Speakers are martin logans,amps used for HT and 2 chan are audio research ref 600mkIII,Centre is krell,rears are bat vk-500, speakers all small(pioneer will not allow small fronts and rears large),marantz may be different, and crossover 80hz for now(best for small centre).When marantz arrives then will be used for 2 chan as well with the benefit of eq on sacd,etc.Mark levinson No 31.5 cd transport will move to another system.

Room treatment will be used after subs eq(they will be harder to explain why they are on walls etc)

Rear placement options varied approx 8ft between rear speakers so plenty of room to play with.

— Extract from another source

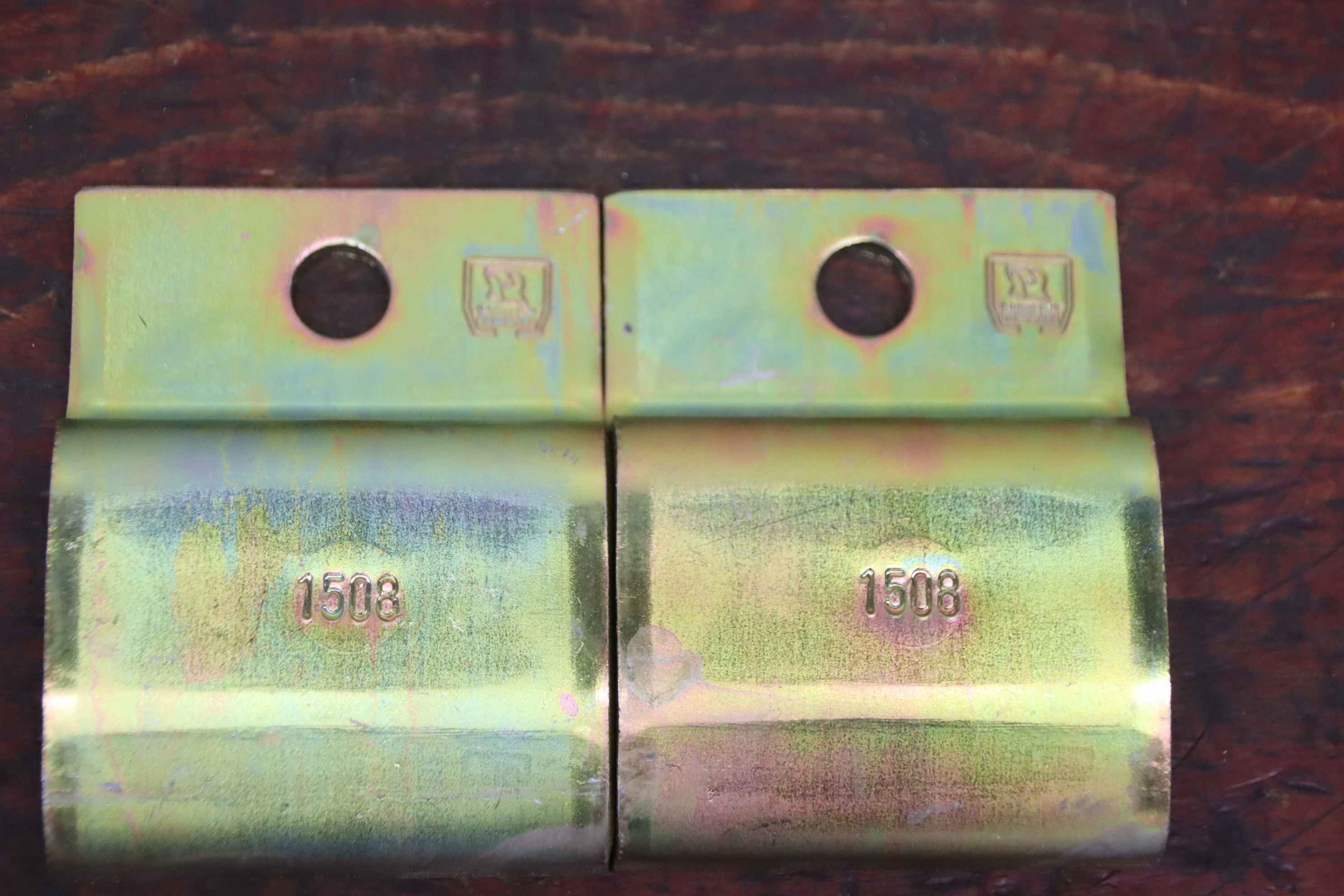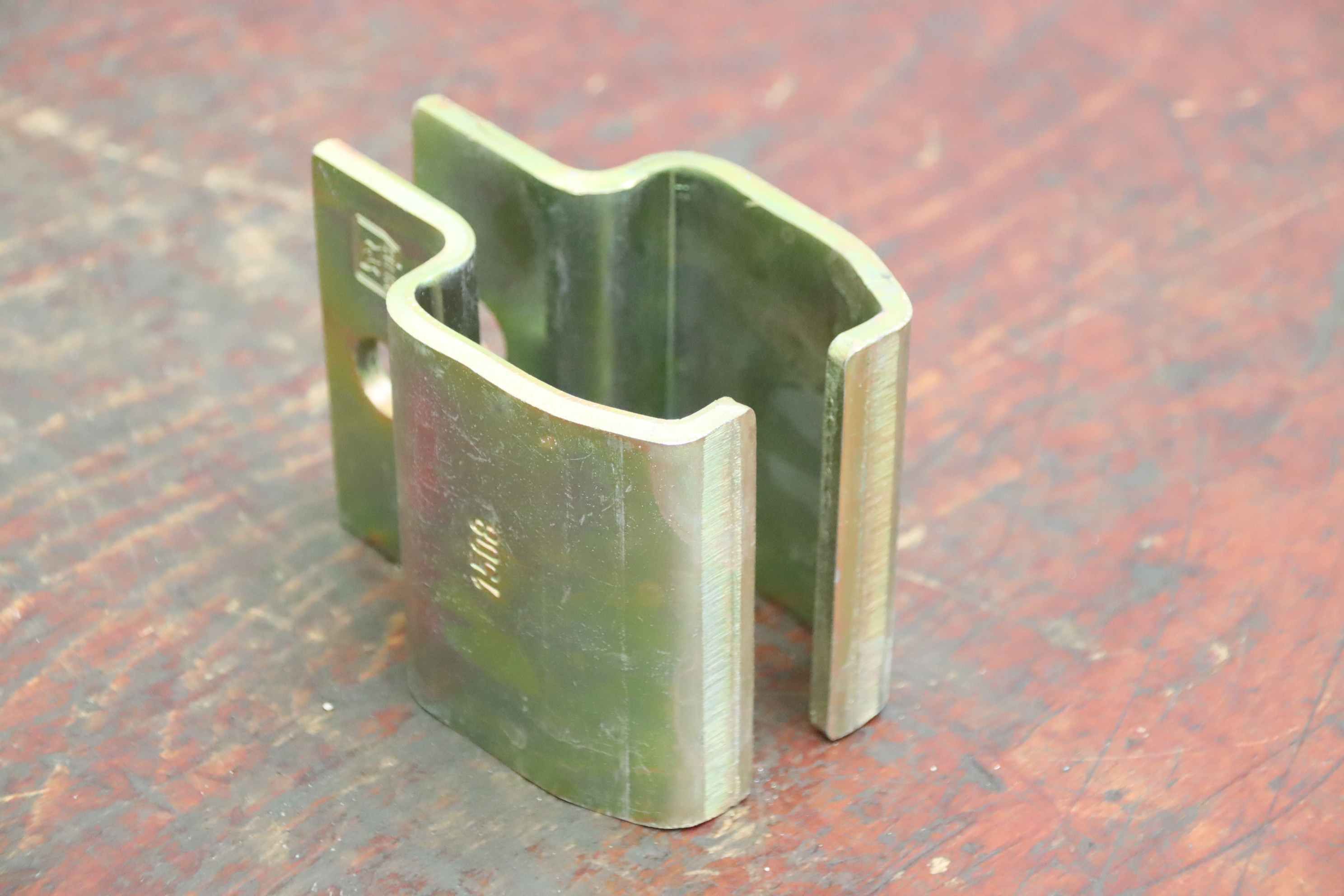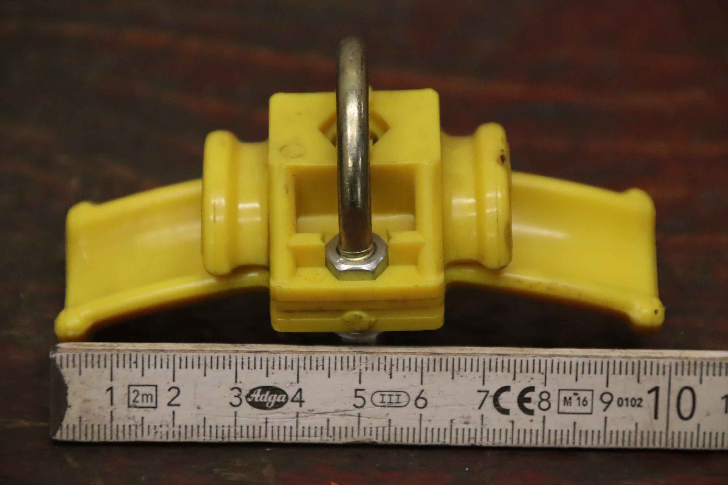 Suspension clamp, helmet rail holder, helmet rail, running rail, rail holder -Manufacturer: Helm, suspension clamp, rail holder, galvanized yellow -Type: 1508 -Dimensions: see photos -Quantity: 30x suspension clamps available -Price: per piece / Minimum order 2 pieces -Dimensions: 90/70/H120 mm -Weight: 1.2 kg/pc.

So what would suit me best svs eq-1,qsc dsp-30 etc.

Cheers Victor.


----------



## Wayne A. Pflughaupt (Apr 13, 2006)

Wow, pretty tough to follow all that. :mooooh:

Can you just simplify and tell us how many subs you want to equalize, and what their make and model is?

Regards,
Wayne


----------



## victor tubeman (Feb 3, 2010)

Hi Wayne,
Front subs are 2 revel b15 with internal eq,rears 2 sgr18p 125L mal x with approx 2000watts each 4 ohms each.www.dtvforum.info/index.php?showtopic=88529

Front subs are used for normal tv viewing,rears only with HT/2 CHAN.

Was looking at svs as EQ1,use 1 chan to eq fronts,and 2nd chan to eq rears thus giving better results than basic eq on revels?and SVS eq1 eqing each rear sub seperately?

Only problem is limited eq in the 10hz,15hz range with svs eq1(manual eq is not available)

Setting sub levels,will need to be for 3 vol levels(I use 3 pre amps,for multi chan analog out each with 3 vol levels per pre amp.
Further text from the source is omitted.